[Records shown]:
Start of Block

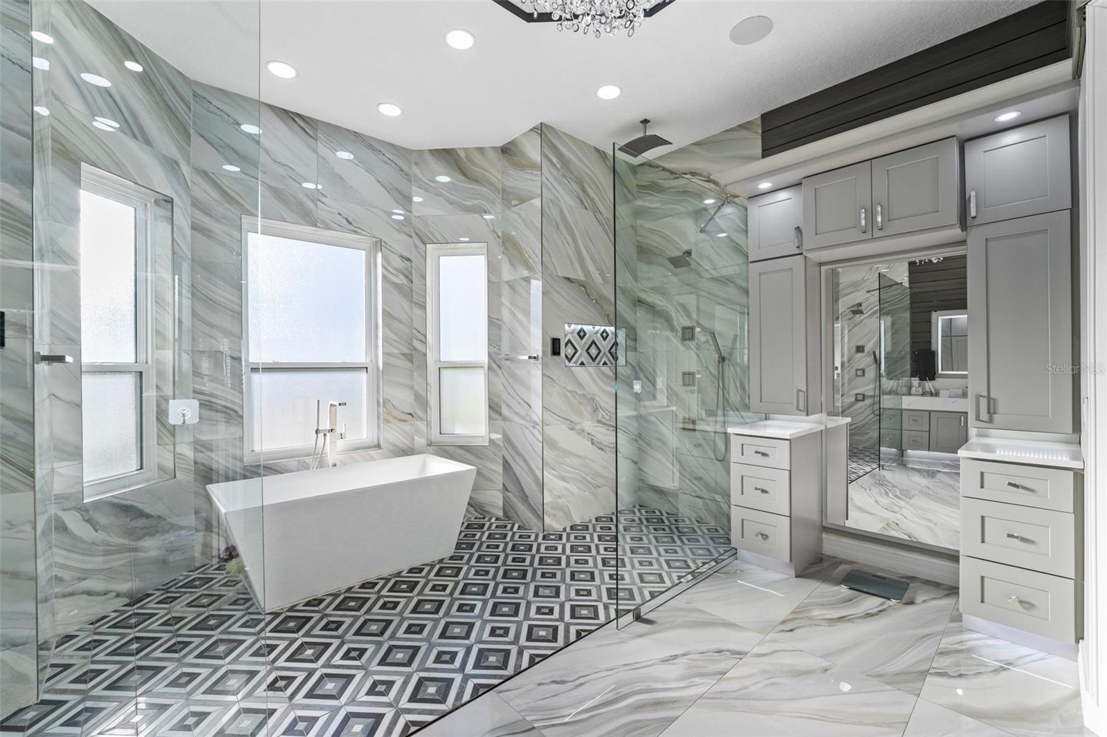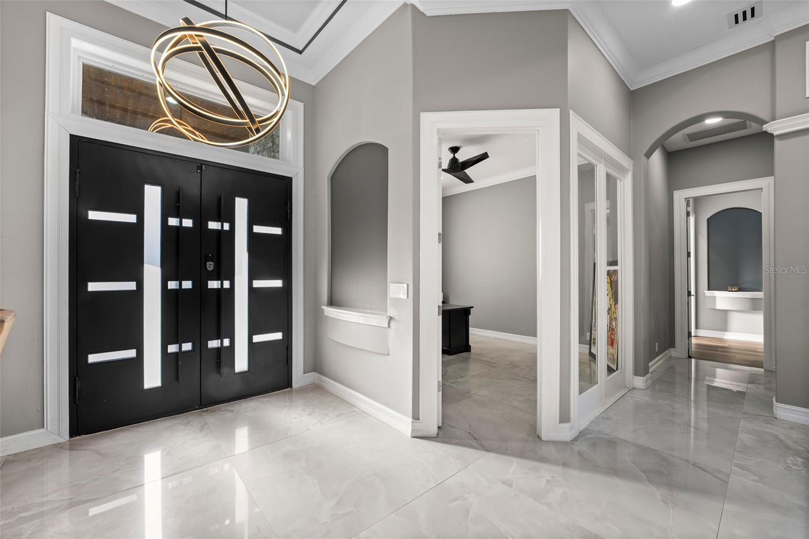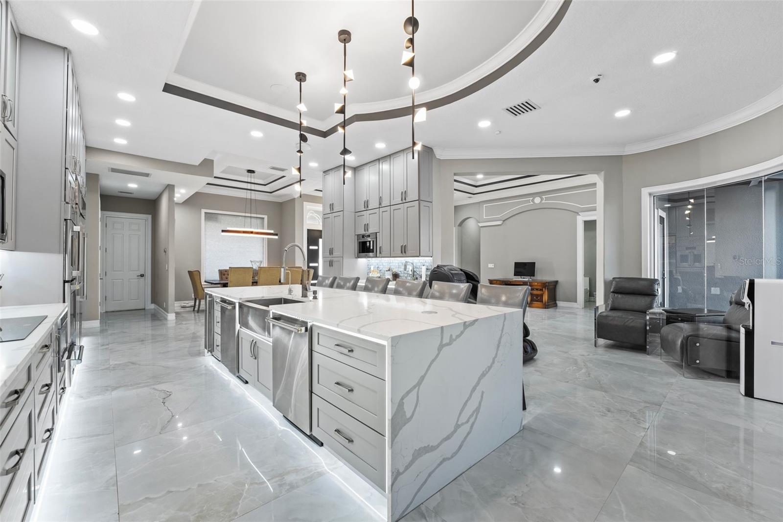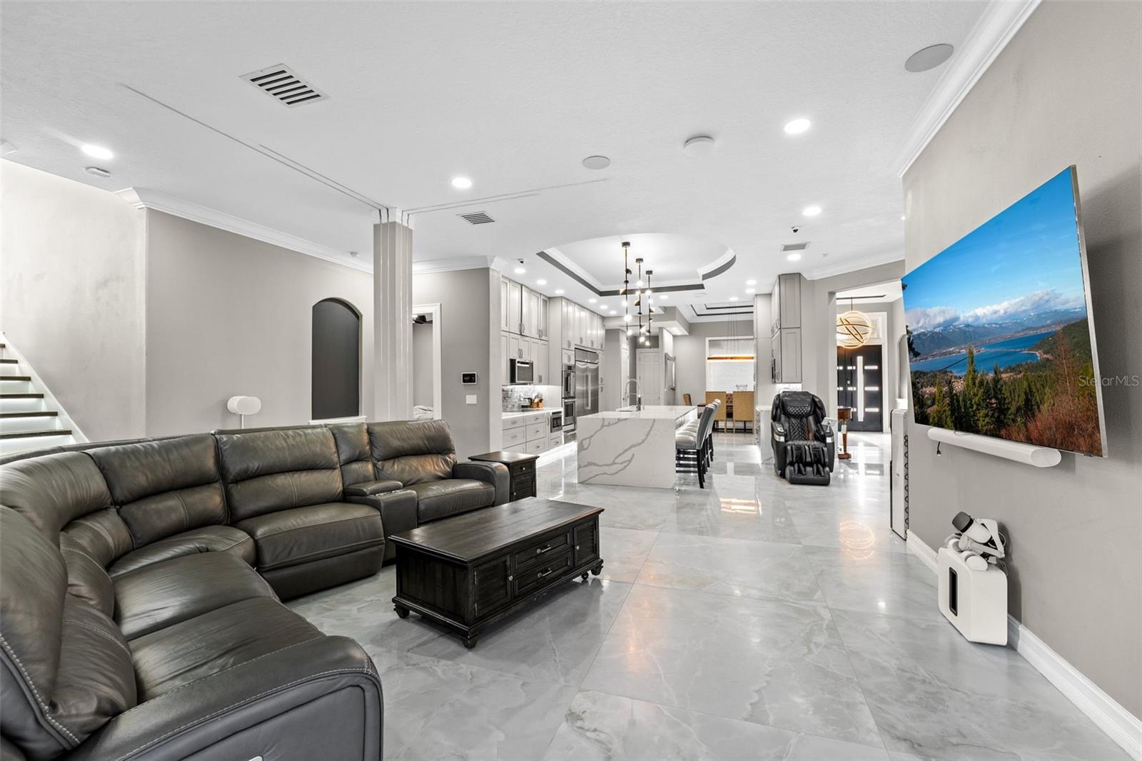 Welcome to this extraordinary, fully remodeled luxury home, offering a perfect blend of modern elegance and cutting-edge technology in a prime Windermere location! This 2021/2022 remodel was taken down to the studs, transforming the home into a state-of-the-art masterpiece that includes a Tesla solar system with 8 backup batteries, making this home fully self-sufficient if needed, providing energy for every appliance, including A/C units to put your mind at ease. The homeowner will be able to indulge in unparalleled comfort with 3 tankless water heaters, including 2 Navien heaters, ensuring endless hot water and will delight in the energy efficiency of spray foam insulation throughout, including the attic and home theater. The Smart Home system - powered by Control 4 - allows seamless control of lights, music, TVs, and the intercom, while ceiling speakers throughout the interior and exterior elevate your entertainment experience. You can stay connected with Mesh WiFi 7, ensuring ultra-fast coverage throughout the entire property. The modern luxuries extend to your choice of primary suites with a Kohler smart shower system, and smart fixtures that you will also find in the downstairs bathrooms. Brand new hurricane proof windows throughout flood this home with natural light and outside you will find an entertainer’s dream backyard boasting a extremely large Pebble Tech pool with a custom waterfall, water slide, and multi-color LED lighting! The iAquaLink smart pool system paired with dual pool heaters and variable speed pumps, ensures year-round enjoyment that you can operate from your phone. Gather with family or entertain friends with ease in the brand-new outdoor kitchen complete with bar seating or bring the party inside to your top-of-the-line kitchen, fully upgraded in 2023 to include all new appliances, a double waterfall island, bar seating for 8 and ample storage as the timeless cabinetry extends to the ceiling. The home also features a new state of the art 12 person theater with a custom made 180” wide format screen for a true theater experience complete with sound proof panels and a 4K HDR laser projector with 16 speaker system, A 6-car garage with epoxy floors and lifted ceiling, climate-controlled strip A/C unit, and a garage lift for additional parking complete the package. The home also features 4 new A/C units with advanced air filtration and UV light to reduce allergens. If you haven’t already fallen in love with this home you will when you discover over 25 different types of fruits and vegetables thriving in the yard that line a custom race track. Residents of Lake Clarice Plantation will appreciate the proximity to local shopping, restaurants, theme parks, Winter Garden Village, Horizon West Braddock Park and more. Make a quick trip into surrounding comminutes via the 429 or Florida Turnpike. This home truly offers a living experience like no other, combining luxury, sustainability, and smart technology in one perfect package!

End of Block
Start of Block

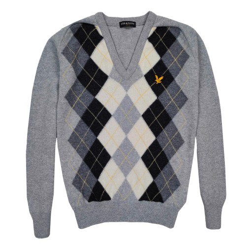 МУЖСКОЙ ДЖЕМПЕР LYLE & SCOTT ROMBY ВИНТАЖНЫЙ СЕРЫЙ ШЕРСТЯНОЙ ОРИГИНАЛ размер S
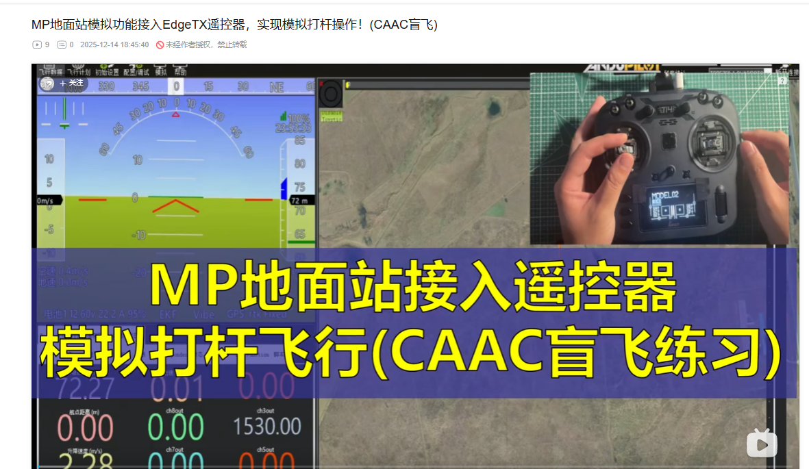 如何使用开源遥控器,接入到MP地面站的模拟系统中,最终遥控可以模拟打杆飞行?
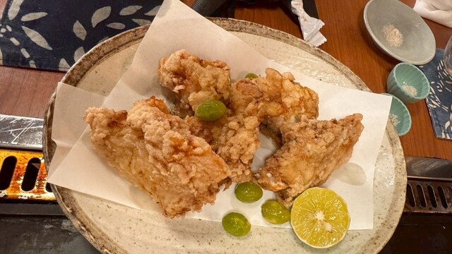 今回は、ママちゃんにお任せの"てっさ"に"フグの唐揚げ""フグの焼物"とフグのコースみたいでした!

End of Block

[Instructions for the task]: Word for word, restate the lines above from the one with "如何使用开源遥控器,接入到MP地面站的模拟系统中,最终遥控可以模拟打杆飞行?" through the one with "今回は、ママちゃんにお任せの", keeping both ends and dropping the pictures.

[Problem solution]:
 如何使用开源遥控器,接入到MP地面站的模拟系统中,最终遥控可以模拟打杆飞行?
 今回は、ママちゃんにお任せの"てっさ"に"フグの唐揚げ""フグの焼物"とフグのコースみたいでした!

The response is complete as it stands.